Attack on Salman Rushdie is a warning of where the US is headed, as we punish dissent | Opinion

When the Iranian Ayatollah Ruhollah Khomeini declared a death sentence for the writer Salman Rushdie in 1989, his fatwa was seen as a direct challenge to the most basic of American values.

But by the time a black-clad assailant stabbed Rushdie multiple times at a speaking engagement last week, the attack felt less like an affront to our shared ideals than a premonition of where we’re headed.

If you’re too young to remember the late ‘80s, you might not understand what a pervasive symbol of Western freedom Rushdie became. This was after he published his novel “The Satanic Verses,” with its portrayal of the prophet Muhammad that so infuriated Iran’s radical clerics.

Rushdie stayed mostly out of sight for many years, though he reemerged one night in 1991 at Columbia’s Graduate School of Journalism, where he spoke on the sanctity of the First Amendment. Every public appearance he made in the decade or so after the fatwa, with private security lurking nearby, constituted an act of remarkable courage.

If there was debate in this country over the rightness of Rushdie’s cause, I don’t recall it; even Jimmy Carter, who condemned the book in a pusillanimous New York Times op-ed, defended Rushdie’s right to be heard. Back then, pretty much everyone agreed that democracy demanded basic tolerance and free expression, even if we sometimes argued vehemently over what kind of speech was appropriate in the public square.
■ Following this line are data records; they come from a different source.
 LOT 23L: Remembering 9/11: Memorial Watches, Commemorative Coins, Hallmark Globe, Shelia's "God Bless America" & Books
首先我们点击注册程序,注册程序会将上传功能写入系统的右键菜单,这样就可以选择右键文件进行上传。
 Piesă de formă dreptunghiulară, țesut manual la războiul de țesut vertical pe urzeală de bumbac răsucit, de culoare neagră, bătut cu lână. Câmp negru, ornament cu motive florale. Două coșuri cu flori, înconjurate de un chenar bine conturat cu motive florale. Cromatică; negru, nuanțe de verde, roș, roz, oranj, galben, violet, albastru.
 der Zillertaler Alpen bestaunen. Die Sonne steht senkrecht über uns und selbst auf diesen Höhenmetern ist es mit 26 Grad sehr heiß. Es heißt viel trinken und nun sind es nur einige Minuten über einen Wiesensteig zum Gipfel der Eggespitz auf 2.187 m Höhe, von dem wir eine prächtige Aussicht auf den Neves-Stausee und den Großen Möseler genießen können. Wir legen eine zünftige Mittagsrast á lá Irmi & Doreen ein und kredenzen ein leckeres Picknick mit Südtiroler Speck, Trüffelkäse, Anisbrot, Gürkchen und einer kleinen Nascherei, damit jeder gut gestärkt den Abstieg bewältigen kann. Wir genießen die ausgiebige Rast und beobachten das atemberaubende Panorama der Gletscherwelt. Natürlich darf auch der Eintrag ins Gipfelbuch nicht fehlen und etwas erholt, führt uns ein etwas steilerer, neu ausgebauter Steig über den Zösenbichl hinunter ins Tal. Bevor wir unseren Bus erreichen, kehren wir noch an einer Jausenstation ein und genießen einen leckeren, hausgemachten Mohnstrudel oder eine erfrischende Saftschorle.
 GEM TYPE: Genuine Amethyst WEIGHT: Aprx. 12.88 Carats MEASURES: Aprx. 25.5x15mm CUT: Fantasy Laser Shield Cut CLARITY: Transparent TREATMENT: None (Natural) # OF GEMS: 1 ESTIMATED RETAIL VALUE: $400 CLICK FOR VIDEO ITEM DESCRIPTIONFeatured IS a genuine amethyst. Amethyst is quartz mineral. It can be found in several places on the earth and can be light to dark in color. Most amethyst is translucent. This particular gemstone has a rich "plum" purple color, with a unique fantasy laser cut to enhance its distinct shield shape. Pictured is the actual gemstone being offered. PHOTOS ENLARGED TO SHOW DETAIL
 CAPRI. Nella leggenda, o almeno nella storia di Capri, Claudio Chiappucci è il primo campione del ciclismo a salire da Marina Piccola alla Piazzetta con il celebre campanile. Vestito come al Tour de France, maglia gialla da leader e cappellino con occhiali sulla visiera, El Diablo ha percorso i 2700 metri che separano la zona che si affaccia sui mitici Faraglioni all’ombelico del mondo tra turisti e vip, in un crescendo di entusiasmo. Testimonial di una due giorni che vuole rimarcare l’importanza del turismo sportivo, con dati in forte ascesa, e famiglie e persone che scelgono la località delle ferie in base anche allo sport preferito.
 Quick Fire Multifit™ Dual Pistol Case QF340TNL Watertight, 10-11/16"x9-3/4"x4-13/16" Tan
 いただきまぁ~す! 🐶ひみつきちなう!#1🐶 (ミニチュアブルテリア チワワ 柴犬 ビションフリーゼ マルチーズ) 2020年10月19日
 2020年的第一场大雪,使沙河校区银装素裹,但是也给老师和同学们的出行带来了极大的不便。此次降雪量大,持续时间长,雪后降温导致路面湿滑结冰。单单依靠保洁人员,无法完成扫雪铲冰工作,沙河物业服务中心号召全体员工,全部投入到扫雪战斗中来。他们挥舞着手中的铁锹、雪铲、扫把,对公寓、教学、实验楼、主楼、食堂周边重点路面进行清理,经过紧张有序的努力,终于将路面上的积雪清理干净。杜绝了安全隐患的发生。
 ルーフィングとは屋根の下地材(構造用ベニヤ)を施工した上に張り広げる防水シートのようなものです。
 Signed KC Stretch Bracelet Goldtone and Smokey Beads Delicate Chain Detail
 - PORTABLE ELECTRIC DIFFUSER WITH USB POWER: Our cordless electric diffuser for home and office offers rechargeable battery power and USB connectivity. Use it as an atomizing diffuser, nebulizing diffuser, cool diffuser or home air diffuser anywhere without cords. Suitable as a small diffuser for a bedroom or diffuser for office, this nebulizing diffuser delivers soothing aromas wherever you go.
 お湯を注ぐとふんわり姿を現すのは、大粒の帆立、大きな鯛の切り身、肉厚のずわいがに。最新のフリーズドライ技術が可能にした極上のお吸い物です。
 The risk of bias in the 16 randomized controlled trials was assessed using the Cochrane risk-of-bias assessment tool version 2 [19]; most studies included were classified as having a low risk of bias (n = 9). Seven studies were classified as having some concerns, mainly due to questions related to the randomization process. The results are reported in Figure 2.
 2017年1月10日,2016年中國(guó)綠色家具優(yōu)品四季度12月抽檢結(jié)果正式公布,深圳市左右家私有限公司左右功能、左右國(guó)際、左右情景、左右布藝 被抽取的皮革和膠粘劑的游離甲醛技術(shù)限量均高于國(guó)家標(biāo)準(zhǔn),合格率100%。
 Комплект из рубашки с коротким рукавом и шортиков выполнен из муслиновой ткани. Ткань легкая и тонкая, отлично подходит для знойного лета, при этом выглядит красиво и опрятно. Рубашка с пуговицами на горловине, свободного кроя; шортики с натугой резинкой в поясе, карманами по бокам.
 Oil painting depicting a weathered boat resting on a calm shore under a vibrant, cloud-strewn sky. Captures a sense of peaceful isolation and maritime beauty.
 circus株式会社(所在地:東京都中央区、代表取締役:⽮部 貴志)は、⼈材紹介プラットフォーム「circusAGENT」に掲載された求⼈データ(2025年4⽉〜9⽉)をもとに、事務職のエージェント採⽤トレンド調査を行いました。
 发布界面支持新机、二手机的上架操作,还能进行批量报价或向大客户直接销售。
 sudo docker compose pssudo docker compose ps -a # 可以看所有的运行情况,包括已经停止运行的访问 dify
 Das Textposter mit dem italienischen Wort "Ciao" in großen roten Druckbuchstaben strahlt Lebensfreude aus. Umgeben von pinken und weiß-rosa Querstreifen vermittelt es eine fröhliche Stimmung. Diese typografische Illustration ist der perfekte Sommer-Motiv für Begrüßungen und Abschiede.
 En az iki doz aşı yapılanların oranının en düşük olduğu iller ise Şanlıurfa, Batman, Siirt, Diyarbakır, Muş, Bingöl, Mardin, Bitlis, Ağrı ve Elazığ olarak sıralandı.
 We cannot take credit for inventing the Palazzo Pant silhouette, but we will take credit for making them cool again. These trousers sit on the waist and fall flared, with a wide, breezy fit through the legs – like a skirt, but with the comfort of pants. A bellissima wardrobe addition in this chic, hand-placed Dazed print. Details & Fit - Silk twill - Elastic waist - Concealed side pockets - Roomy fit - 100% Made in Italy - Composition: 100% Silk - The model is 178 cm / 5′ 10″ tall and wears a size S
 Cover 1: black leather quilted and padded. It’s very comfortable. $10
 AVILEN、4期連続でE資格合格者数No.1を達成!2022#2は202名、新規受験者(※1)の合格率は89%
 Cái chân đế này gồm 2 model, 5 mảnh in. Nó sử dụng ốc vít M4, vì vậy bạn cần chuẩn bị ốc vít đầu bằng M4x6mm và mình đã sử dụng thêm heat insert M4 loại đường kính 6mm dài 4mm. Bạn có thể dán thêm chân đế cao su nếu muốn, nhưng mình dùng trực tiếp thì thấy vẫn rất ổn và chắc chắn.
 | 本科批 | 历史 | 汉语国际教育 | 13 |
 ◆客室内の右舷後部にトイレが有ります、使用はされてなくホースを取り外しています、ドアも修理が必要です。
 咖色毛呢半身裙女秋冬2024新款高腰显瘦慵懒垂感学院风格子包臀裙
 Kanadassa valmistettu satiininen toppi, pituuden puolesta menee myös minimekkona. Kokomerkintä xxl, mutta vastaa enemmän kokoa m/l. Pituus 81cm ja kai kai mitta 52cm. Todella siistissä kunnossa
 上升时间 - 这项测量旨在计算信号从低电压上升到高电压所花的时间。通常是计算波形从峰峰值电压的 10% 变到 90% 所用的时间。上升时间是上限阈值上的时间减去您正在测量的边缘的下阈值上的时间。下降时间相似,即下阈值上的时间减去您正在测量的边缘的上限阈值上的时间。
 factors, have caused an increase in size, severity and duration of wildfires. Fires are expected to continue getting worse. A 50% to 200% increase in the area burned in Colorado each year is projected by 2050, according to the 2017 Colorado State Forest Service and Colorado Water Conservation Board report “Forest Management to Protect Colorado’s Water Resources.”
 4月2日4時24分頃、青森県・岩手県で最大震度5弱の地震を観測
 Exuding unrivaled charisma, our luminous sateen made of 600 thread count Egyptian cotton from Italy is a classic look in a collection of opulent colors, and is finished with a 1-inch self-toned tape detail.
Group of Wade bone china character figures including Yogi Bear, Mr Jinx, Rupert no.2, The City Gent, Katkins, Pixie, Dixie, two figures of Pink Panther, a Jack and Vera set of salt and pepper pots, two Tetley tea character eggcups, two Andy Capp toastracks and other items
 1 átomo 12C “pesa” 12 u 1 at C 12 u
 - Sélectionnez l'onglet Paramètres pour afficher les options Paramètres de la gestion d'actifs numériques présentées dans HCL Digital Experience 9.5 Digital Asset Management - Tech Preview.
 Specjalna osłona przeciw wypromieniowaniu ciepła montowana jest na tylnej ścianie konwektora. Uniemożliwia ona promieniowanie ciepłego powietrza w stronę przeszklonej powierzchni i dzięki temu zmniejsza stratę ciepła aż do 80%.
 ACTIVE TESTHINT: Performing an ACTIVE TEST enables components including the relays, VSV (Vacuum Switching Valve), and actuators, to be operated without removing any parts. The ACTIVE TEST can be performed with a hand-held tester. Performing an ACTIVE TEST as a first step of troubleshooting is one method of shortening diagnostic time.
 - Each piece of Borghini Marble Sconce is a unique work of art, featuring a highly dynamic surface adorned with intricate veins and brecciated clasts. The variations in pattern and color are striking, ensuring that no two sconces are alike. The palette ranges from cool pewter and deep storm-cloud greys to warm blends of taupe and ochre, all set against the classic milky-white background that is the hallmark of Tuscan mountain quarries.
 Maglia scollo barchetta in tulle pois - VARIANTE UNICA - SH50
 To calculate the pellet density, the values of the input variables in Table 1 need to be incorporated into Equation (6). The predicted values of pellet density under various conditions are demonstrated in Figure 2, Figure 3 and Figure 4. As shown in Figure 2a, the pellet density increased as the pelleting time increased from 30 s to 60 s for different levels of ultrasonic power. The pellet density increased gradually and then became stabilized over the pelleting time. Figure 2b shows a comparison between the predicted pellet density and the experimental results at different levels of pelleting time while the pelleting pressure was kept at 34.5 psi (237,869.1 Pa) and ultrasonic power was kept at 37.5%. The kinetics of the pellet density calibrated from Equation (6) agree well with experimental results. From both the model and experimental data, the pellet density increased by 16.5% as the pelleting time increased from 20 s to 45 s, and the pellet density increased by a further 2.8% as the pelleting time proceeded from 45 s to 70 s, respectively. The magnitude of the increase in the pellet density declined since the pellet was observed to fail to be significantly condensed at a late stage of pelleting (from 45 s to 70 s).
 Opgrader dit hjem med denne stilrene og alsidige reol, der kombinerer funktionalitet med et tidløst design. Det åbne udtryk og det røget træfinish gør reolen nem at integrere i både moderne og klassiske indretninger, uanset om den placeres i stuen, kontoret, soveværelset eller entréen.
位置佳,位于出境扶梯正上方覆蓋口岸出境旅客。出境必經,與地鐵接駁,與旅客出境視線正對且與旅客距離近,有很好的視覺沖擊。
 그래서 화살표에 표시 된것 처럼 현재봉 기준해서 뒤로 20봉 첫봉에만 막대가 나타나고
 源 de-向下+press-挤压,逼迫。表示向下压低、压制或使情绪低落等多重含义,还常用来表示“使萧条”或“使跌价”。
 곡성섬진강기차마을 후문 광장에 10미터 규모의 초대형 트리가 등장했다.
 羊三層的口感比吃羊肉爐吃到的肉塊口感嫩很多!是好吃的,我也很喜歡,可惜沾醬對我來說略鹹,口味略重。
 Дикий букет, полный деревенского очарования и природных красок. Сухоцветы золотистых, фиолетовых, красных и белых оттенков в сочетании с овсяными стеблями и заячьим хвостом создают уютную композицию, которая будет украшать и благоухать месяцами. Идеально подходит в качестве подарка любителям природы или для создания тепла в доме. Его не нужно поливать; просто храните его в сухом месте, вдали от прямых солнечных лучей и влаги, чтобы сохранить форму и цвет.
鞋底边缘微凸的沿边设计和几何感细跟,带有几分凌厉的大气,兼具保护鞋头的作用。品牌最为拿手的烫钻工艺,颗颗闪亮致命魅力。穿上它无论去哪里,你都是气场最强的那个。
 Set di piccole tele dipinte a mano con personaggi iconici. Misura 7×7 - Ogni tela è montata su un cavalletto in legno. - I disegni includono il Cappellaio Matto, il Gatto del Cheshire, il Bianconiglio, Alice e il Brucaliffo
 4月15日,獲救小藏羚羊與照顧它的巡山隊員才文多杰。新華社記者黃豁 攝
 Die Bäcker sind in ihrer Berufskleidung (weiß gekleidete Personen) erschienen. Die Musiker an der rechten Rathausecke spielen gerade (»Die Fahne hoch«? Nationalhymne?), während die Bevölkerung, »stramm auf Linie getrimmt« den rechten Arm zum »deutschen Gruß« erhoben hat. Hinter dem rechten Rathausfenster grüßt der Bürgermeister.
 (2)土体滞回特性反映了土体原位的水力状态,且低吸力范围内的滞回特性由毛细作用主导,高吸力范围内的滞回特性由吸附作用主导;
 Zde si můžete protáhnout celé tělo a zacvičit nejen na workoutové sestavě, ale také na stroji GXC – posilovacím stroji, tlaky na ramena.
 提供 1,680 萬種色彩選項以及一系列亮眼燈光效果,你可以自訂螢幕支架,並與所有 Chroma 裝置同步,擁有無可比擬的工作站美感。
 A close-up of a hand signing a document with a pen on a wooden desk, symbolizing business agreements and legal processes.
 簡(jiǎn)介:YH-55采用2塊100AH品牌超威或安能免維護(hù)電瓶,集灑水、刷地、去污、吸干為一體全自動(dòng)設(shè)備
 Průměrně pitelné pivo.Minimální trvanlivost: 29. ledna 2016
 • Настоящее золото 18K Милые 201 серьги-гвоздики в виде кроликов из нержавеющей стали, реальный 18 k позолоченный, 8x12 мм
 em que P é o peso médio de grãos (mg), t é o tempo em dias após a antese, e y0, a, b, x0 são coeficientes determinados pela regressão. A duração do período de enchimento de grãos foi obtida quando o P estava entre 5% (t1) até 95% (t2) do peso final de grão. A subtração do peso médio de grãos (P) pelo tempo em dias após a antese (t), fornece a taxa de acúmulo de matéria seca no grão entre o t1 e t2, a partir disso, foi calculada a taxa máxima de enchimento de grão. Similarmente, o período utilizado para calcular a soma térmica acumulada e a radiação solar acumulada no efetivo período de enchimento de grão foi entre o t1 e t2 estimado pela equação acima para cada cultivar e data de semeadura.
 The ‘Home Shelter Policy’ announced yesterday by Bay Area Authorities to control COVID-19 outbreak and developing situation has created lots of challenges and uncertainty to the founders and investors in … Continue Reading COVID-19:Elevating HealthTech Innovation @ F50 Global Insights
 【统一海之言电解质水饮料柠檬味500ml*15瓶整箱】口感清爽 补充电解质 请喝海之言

Those were the days when the ACLU defended the rights of Nazi sympathizers to march down the street in Illinois. And when even Republican presidents exalted the American press as a contrast to communist repression and theocratic rule — despite their evident disdain for what journalists wrote.

Those were also the times when the leadership of both parties rejected violent rhetoric — let alone actual violence such as the Oklahoma City bombing — in response to political or religious grievance. You may recall that former President George H.W. Bush resigned from the National Rifle Association, an important political constituency, in 1995 after it referred to federal agents as “jack-booted thugs.” (The NRA apologized; Bush didn’t relent.)

What a different society from the one we have now, when the most basic propositions in American life are up for debate — if anyone even knows how to do that anymore.

Now the movement conservatives who once proclaimed themselves a bulwark against mob rule can’t even find the spine to distance themselves from an armed attack on the Capitol. They grovel, instead, before a leader who would have joined the uprising himself if anyone had been willing to drive him.

Two days after Kevin McCarthy, the Republican House leader, responded to the FBI search of Mar-a-Lago last week by saying that the Justice Department was in “an intolerable state of weaponized politicization,” an armed man, and apparent Donald Trump supporter, tried to enter the FBI headquarters in Cincinnati.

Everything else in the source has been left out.